**About this exercise:** Without any pictures, print exactly the lines that run from the start of the data through the line containing "Figure 4: FTIR Gas Analyzer".

**Given data:**
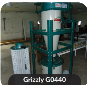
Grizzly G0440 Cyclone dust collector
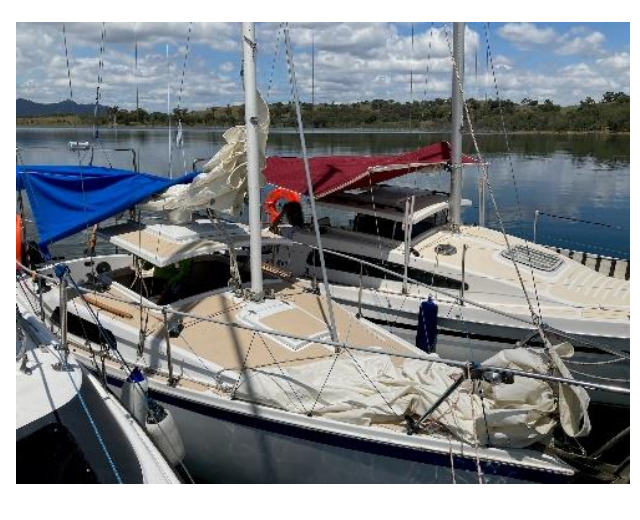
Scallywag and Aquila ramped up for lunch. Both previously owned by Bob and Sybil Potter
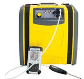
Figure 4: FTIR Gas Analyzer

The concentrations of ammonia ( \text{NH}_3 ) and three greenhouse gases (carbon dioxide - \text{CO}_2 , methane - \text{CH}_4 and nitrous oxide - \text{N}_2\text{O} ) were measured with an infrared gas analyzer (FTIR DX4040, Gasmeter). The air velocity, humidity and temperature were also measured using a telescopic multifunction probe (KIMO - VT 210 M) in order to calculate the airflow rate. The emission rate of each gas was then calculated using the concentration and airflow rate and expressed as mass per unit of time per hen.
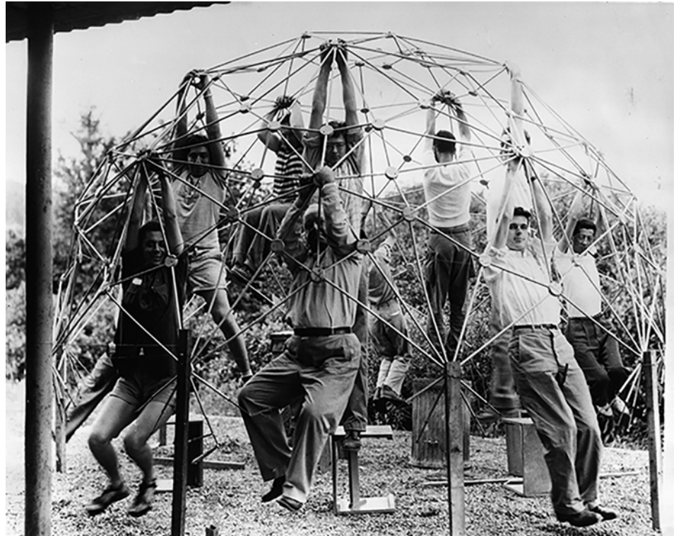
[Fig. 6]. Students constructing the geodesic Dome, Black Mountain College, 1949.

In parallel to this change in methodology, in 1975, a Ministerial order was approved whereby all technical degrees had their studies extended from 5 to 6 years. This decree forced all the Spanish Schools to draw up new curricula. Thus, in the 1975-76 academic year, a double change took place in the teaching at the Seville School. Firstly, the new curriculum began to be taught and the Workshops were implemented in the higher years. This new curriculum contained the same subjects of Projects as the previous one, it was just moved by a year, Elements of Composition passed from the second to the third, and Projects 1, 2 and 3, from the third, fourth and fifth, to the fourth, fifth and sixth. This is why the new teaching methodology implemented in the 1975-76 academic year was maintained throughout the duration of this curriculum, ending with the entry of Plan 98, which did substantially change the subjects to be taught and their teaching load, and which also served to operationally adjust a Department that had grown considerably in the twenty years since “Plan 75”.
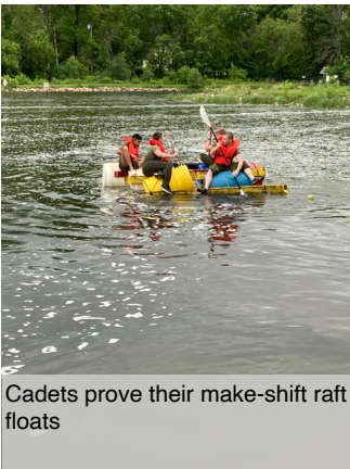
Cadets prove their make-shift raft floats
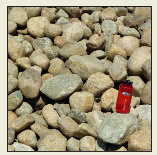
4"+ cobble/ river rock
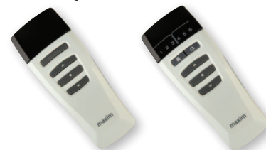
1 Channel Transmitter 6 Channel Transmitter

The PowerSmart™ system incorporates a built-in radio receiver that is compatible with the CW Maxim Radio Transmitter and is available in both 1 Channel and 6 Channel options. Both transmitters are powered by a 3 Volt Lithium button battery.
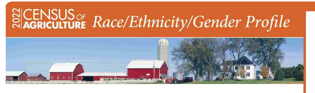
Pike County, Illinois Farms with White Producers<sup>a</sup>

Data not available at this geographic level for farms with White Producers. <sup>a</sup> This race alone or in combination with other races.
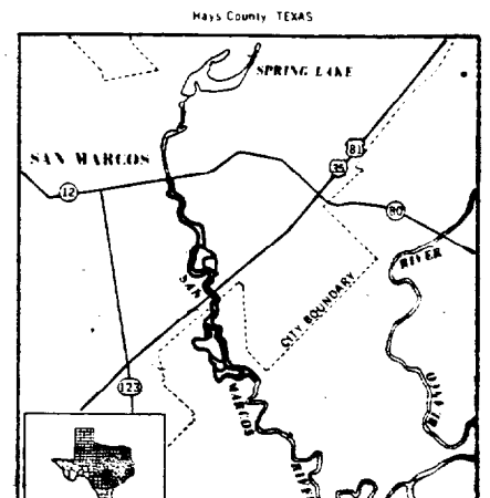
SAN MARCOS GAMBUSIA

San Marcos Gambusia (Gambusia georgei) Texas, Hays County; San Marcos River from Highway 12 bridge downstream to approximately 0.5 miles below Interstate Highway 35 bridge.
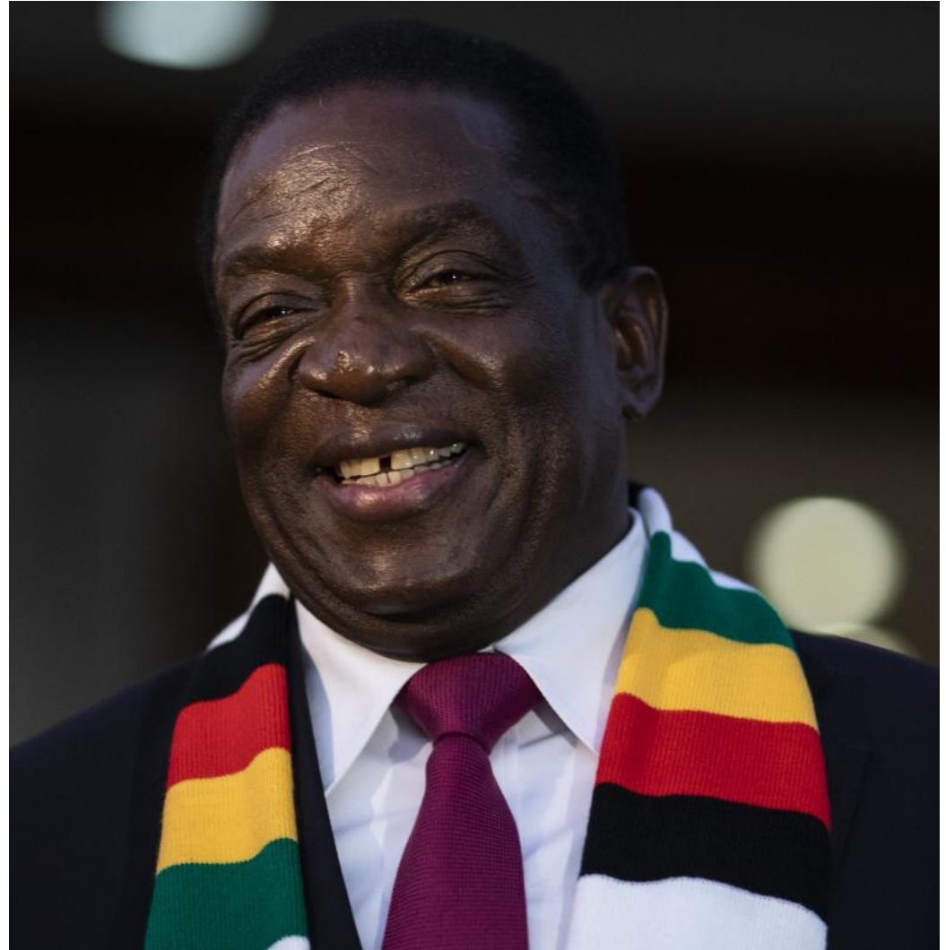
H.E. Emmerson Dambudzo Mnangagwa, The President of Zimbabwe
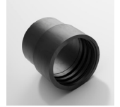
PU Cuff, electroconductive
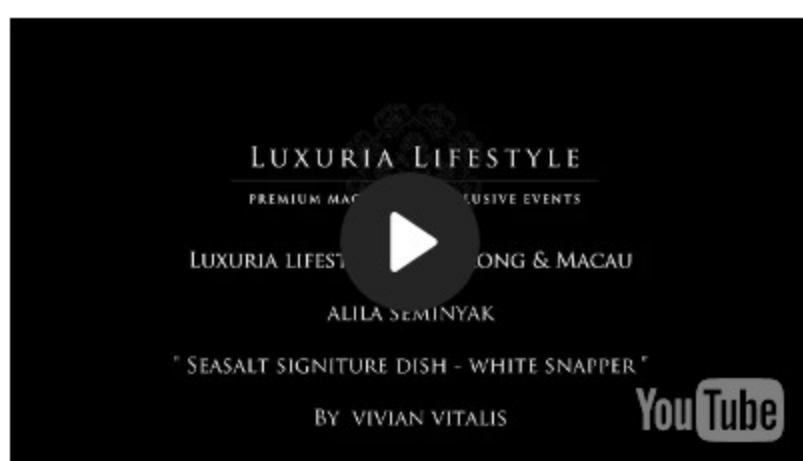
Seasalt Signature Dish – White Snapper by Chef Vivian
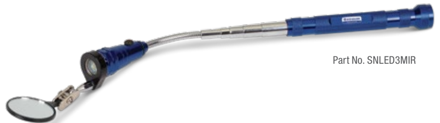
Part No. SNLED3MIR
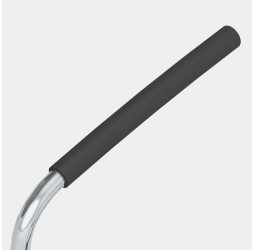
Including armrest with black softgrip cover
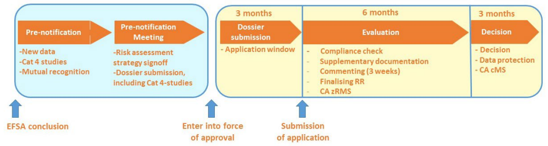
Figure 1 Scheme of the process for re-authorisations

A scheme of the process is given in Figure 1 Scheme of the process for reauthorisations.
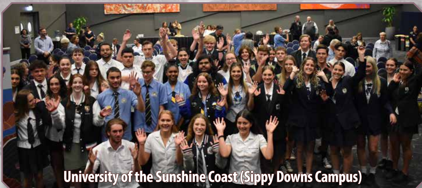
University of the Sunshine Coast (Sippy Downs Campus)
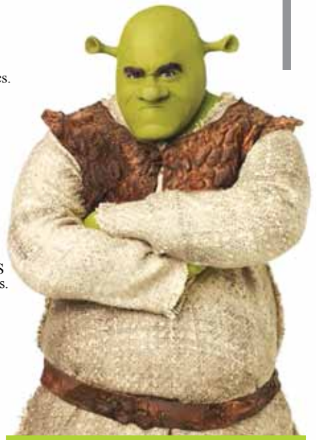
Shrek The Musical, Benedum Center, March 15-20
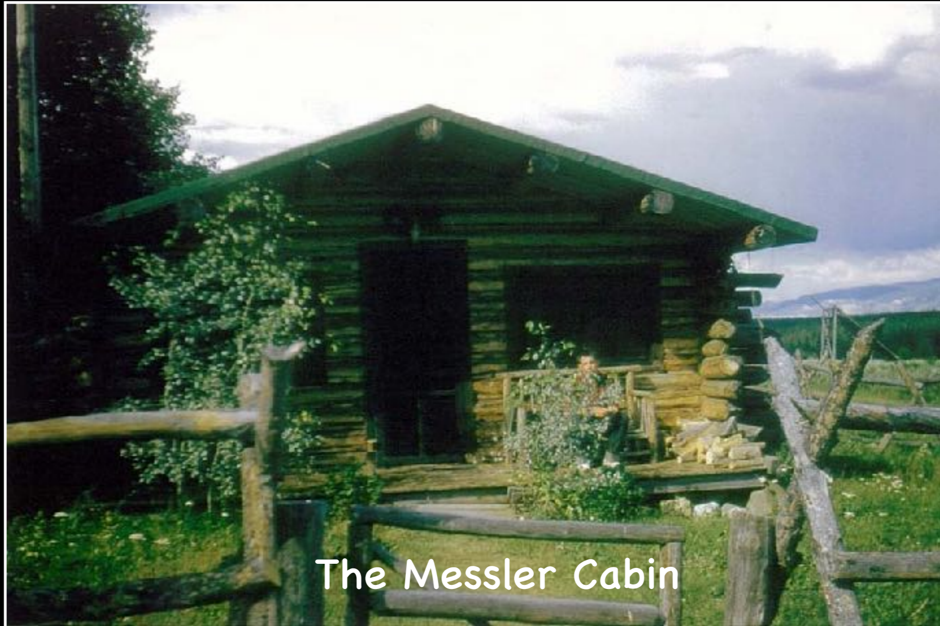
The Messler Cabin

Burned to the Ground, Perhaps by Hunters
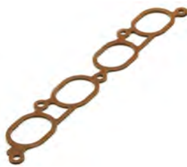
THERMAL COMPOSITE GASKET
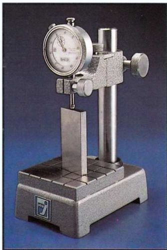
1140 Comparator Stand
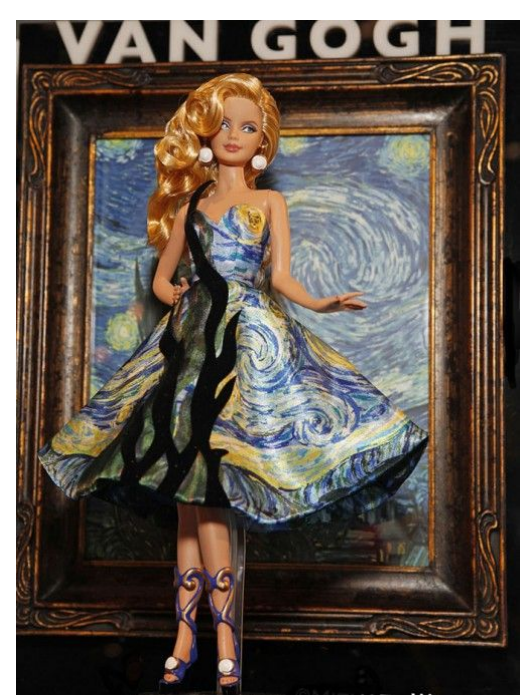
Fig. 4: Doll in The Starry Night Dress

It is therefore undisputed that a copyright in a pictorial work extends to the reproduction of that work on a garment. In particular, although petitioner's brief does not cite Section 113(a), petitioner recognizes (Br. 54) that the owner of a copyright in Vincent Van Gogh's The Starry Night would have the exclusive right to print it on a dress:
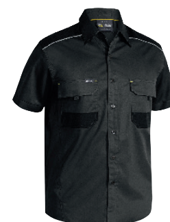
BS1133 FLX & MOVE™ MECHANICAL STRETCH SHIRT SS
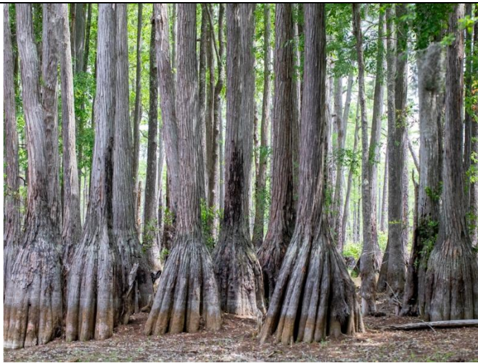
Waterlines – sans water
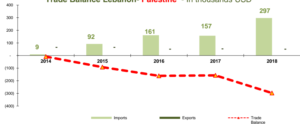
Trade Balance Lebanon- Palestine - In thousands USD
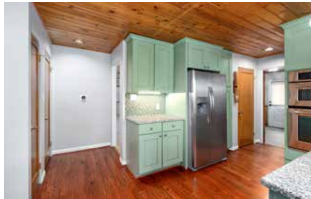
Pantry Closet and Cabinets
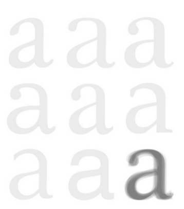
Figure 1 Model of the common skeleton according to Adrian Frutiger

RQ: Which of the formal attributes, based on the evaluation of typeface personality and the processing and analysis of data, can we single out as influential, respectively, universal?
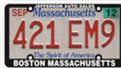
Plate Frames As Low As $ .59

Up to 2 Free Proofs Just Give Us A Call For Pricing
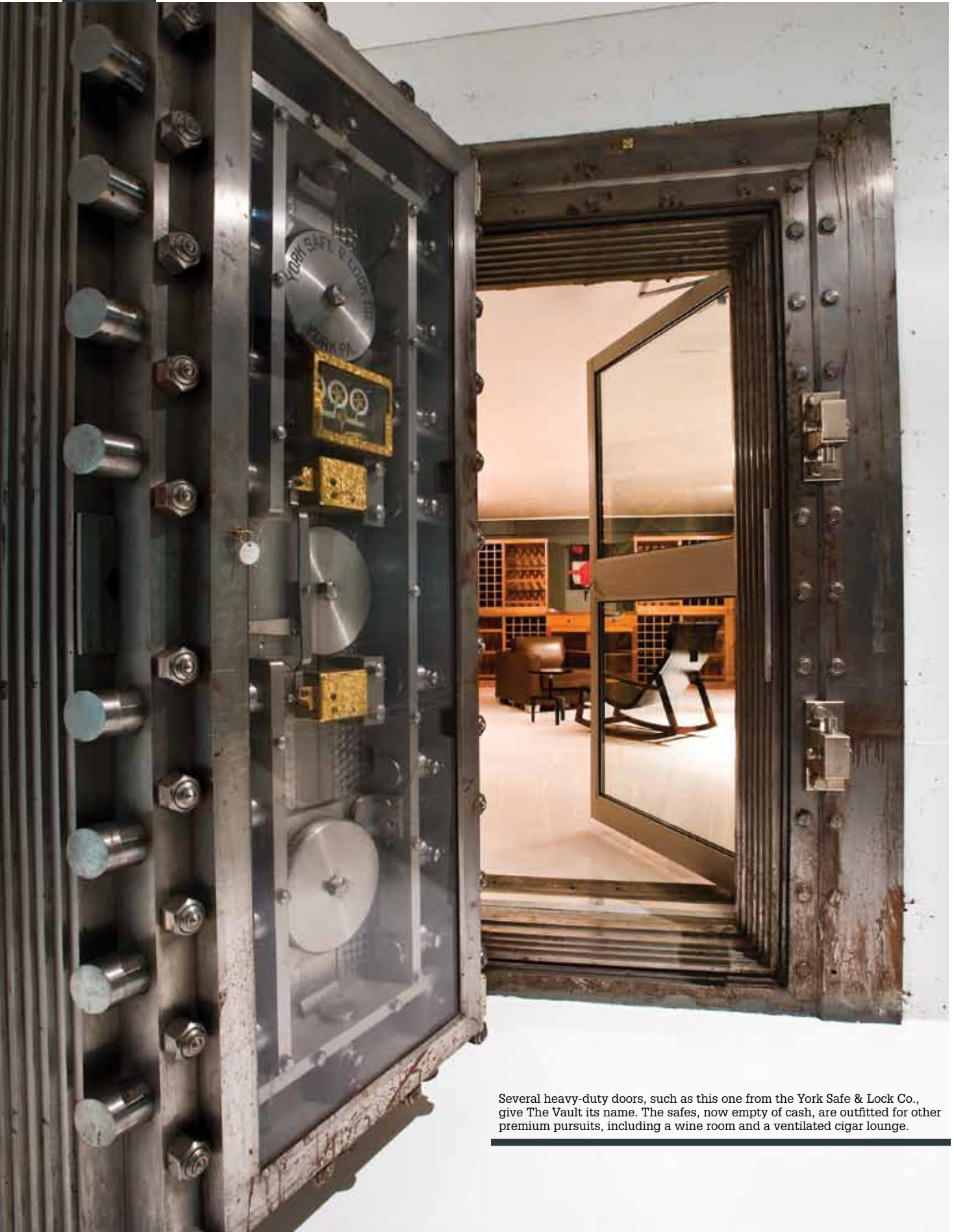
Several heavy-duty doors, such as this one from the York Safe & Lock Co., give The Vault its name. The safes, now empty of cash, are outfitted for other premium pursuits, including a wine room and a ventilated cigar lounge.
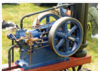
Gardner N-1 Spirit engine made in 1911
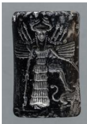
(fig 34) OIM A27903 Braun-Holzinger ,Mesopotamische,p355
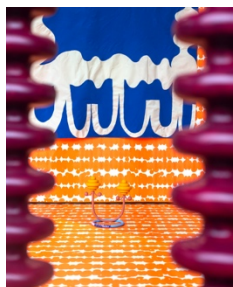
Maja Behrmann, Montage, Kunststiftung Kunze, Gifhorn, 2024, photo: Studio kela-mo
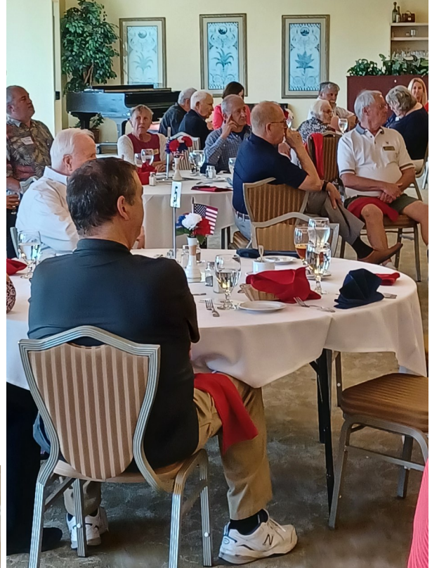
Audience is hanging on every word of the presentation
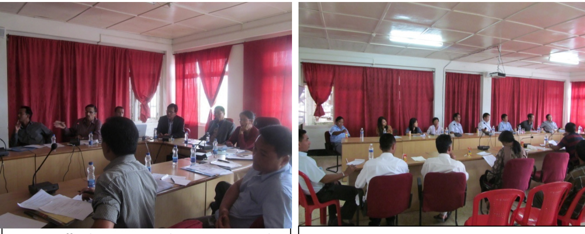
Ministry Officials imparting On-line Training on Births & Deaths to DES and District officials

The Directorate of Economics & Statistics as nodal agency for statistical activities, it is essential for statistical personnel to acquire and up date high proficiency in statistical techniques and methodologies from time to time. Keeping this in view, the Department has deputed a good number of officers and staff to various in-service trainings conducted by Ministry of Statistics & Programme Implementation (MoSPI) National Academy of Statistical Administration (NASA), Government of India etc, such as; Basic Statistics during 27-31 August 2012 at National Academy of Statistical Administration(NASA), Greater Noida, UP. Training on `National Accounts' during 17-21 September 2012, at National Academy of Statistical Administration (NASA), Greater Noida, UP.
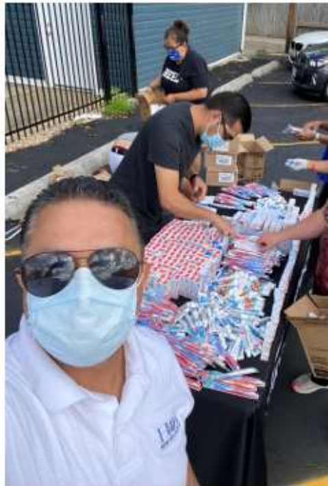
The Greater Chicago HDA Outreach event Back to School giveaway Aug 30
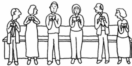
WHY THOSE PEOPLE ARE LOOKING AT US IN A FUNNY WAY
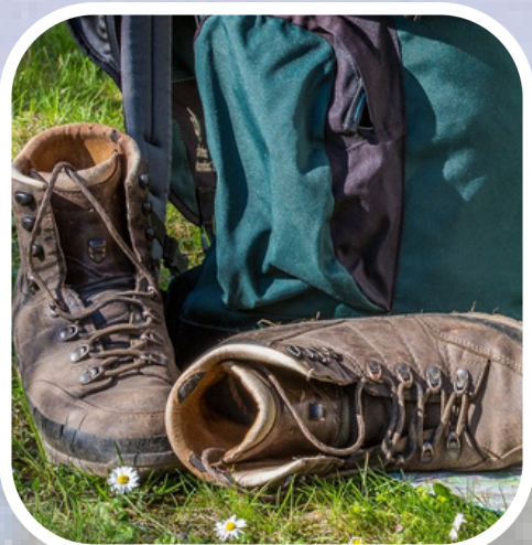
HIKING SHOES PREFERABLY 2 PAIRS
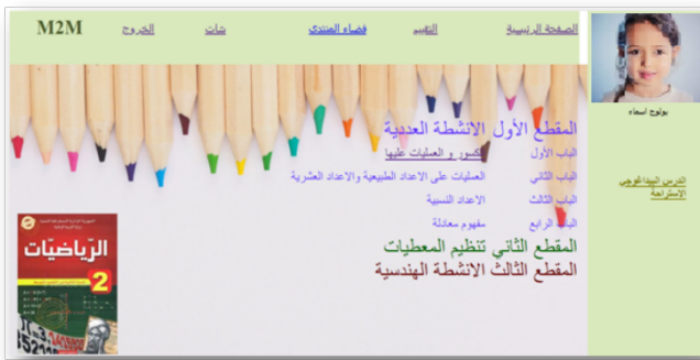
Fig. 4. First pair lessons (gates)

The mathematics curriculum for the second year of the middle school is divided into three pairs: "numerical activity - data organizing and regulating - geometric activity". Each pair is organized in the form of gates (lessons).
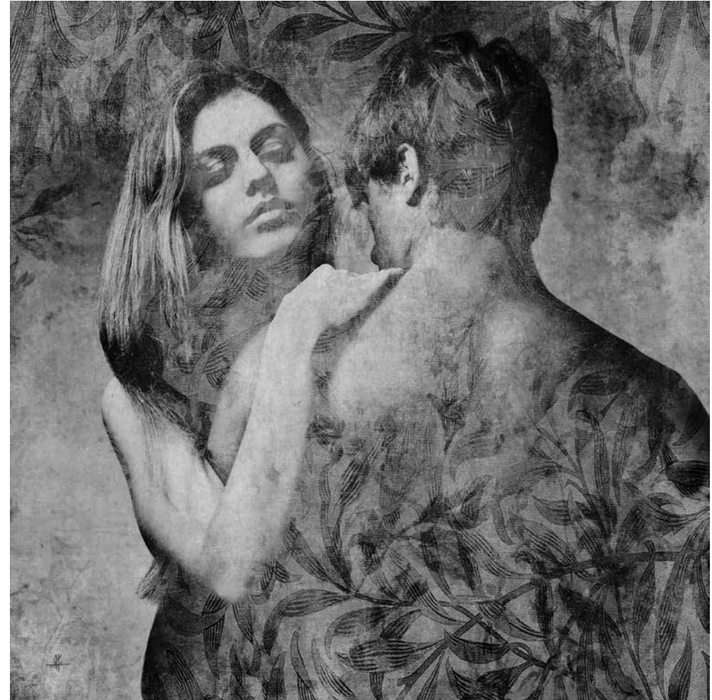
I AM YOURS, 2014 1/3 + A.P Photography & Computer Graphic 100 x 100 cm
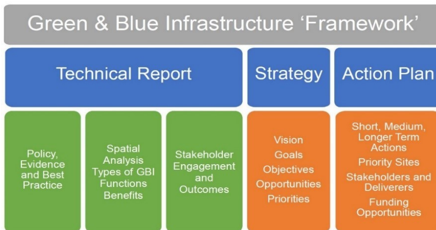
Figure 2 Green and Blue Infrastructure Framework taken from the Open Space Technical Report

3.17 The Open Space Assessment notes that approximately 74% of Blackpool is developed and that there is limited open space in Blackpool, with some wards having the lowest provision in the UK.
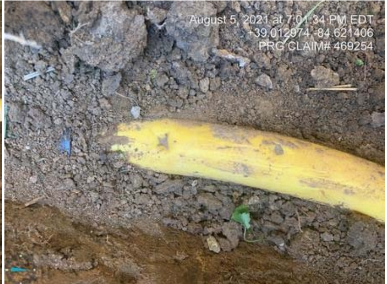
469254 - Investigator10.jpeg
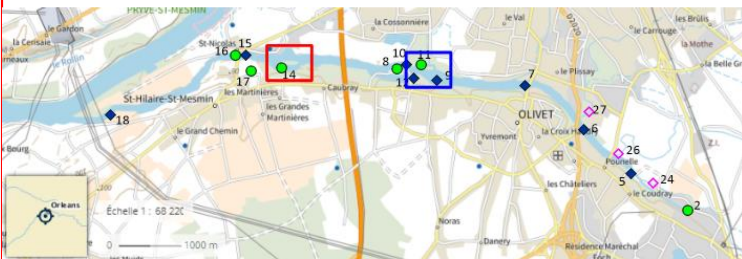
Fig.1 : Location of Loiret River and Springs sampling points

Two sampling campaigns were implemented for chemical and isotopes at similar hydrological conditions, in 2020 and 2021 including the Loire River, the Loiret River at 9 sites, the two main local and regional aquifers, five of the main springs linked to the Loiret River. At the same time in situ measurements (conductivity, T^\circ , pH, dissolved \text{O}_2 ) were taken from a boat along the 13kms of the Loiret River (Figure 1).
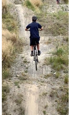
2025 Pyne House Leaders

**Task response:**
Grizzly G0440 Cyclone dust collector
Scallywag and Aquila ramped up for lunch. Both previously owned by Bob and Sybil Potter
Figure 4: FTIR Gas Analyzer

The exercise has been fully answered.